Find "Met Axe Fine" in the listing below, then set down only that line and each later line, unchanged, leaving out pictures.

━━━━━ Dataset extract ━━━━━

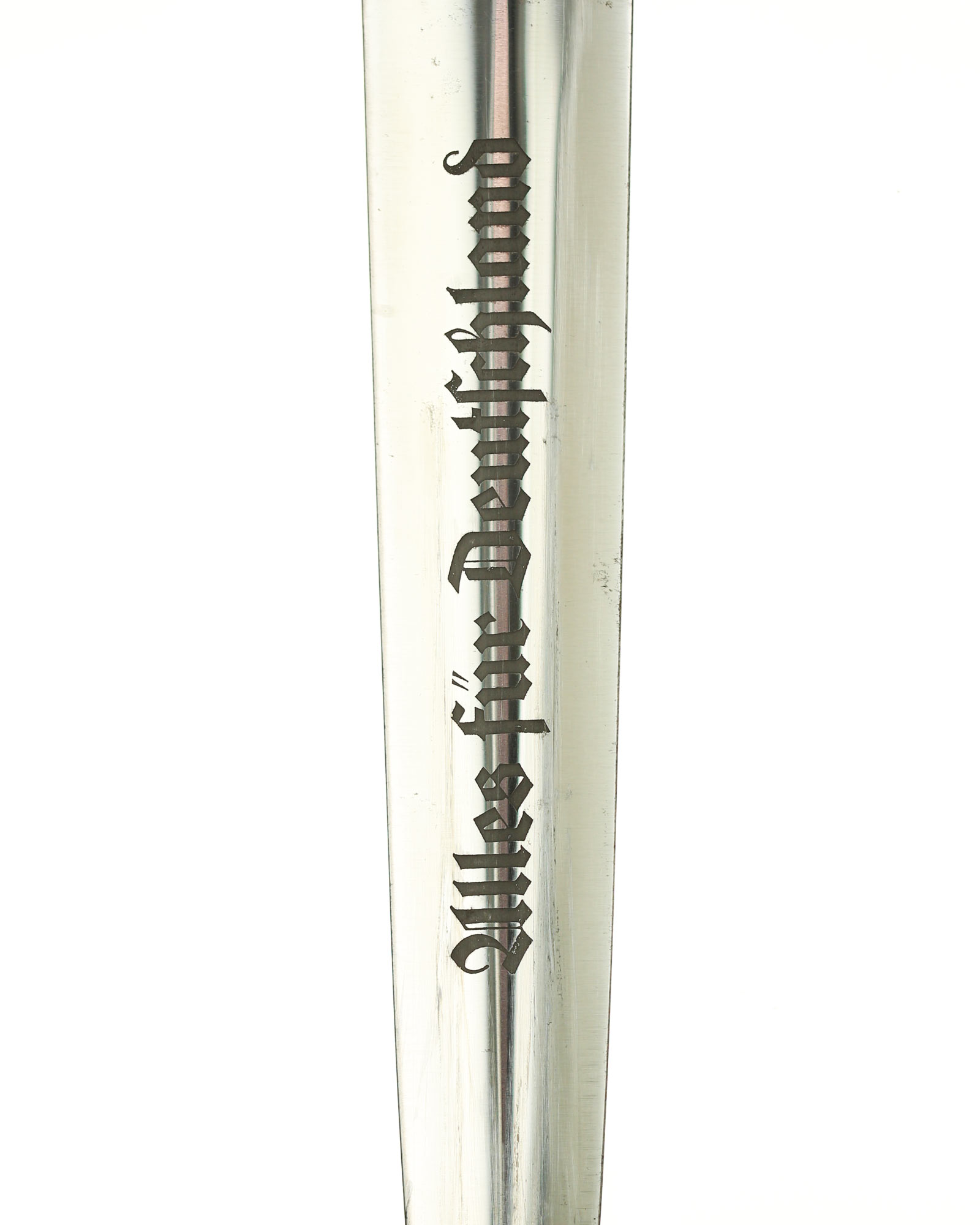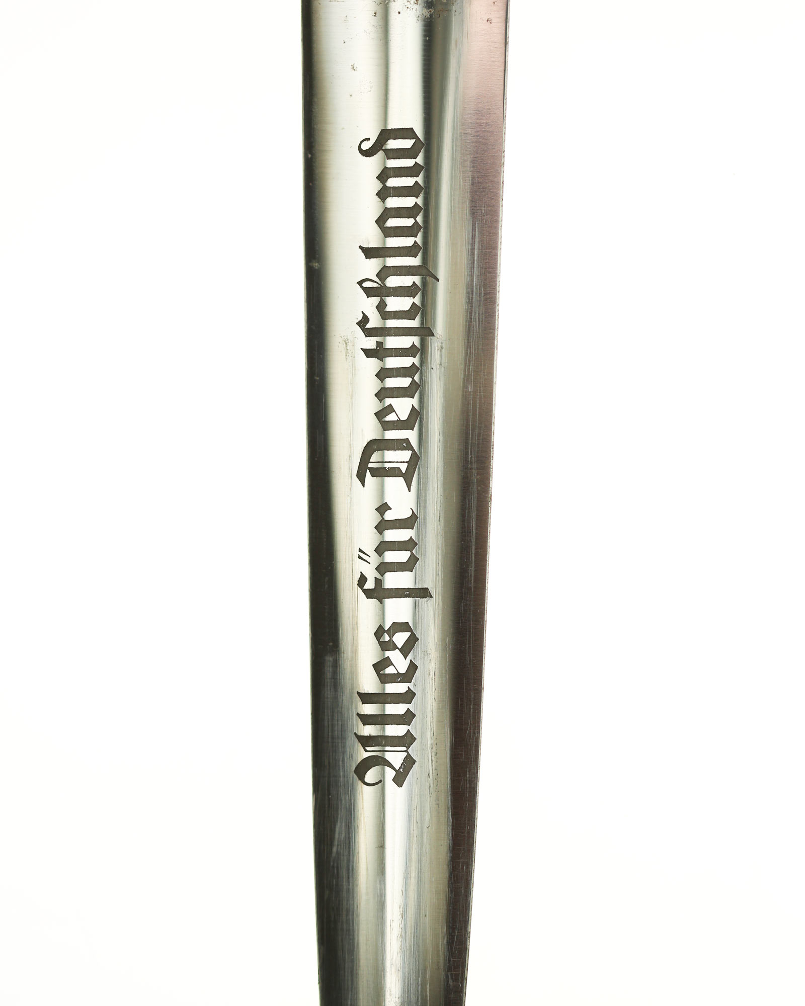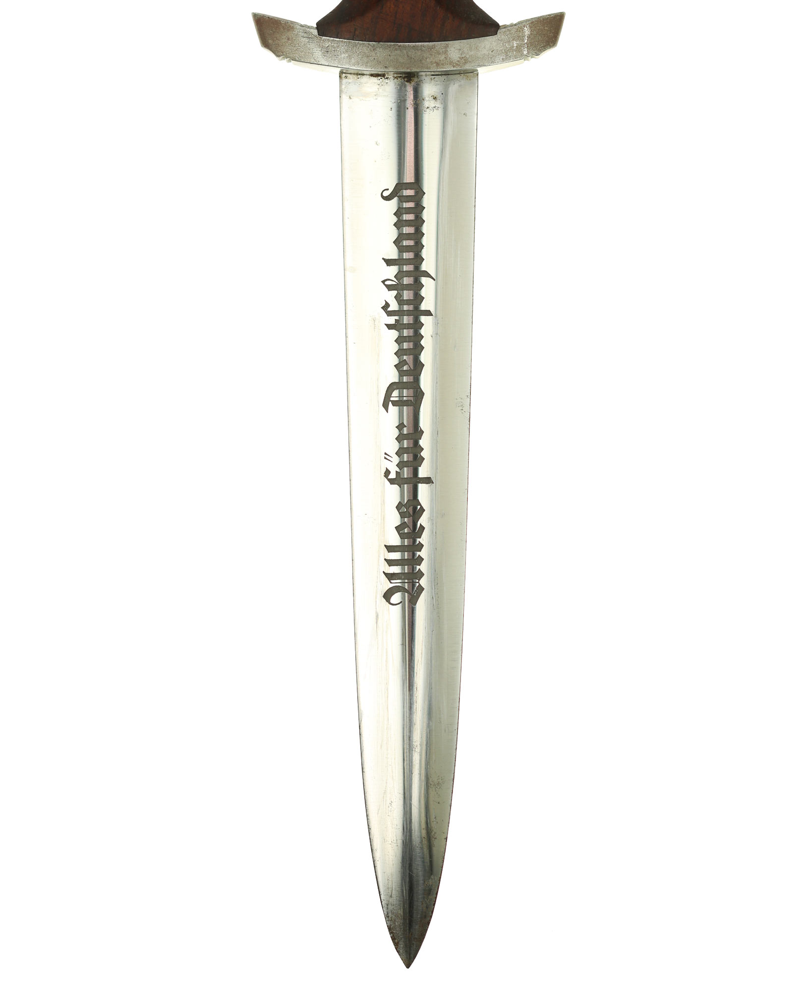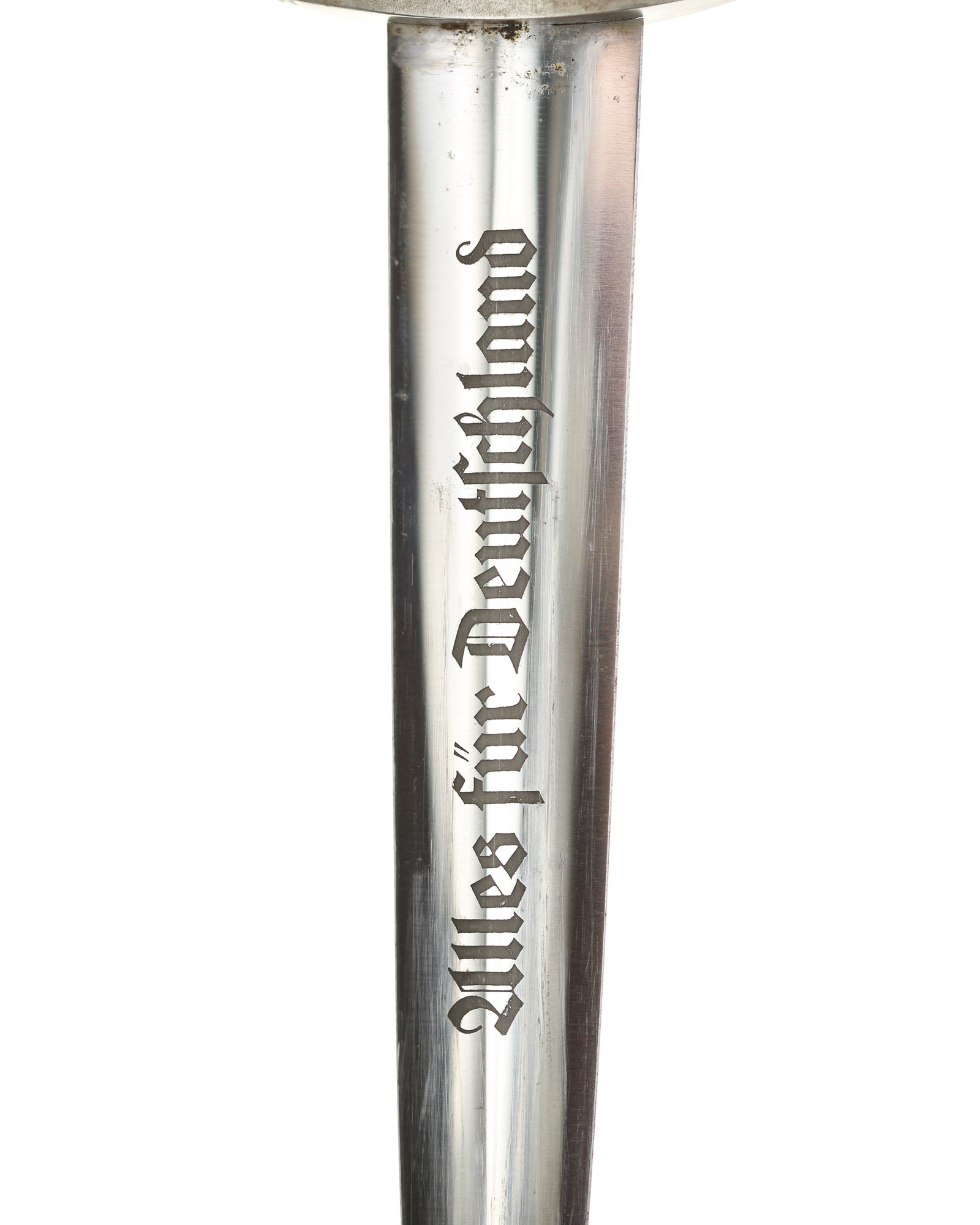 Клинок: Клинок кинжала прямой, стальной, двулезвийный, кинжального типа, с выраженным центральным ребром. На одной стороне клинка методом травления нанесен девиз СА «Всё для Германии» (Alles für Deutchland). Клинок на оборотной стороне у основания стоит клеймо производителя Вильгельм Кобер и Ко., Зуль (Willh. Kober & Co., Suhl Gegr.1874).
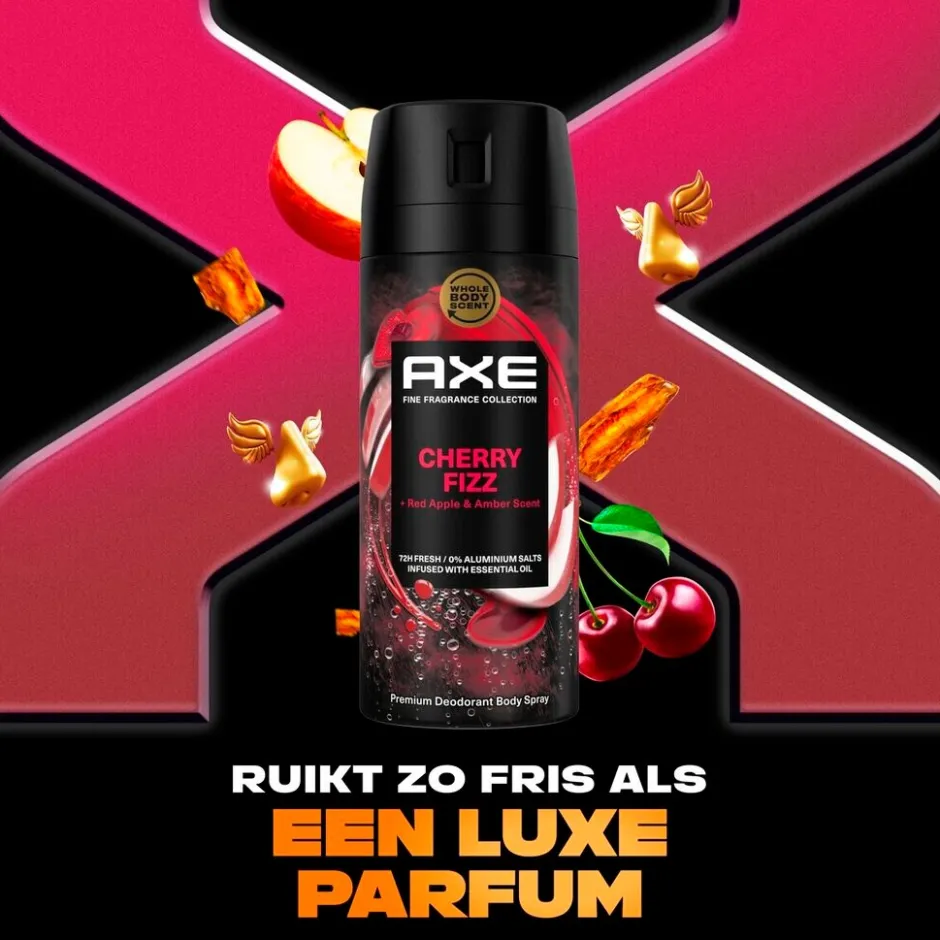 Met Axe Fine Fragrance Cherry Fizz Deodorant Bodyspray ruik je onweerstaanbaar.
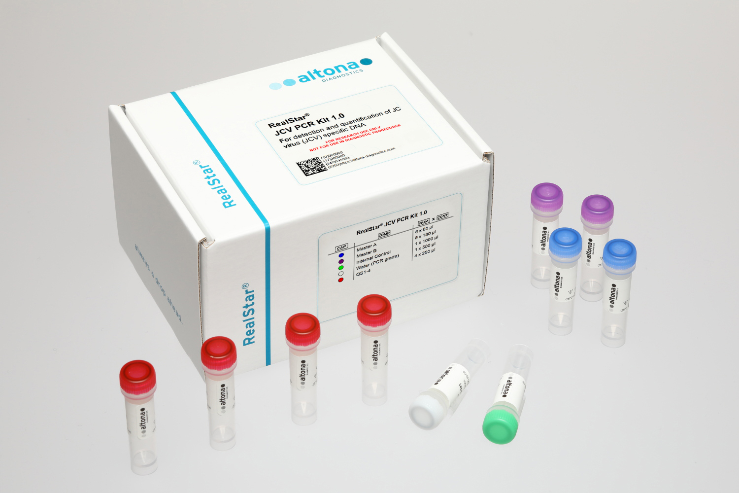 The RealStar® JCV PCR Kit 1.0 is a reagent system, based on real-time PCR technology, for the detection and quantification of JC virus (JCV) specific DNA.

━━━━━

* **Result of this exercise**:
 Met Axe Fine Fragrance Cherry Fizz Deodorant Bodyspray ruik je onweerstaanbaar.
 The RealStar® JCV PCR Kit 1.0 is a reagent system, based on real-time PCR technology, for the detection and quantification of JC virus (JCV) specific DNA.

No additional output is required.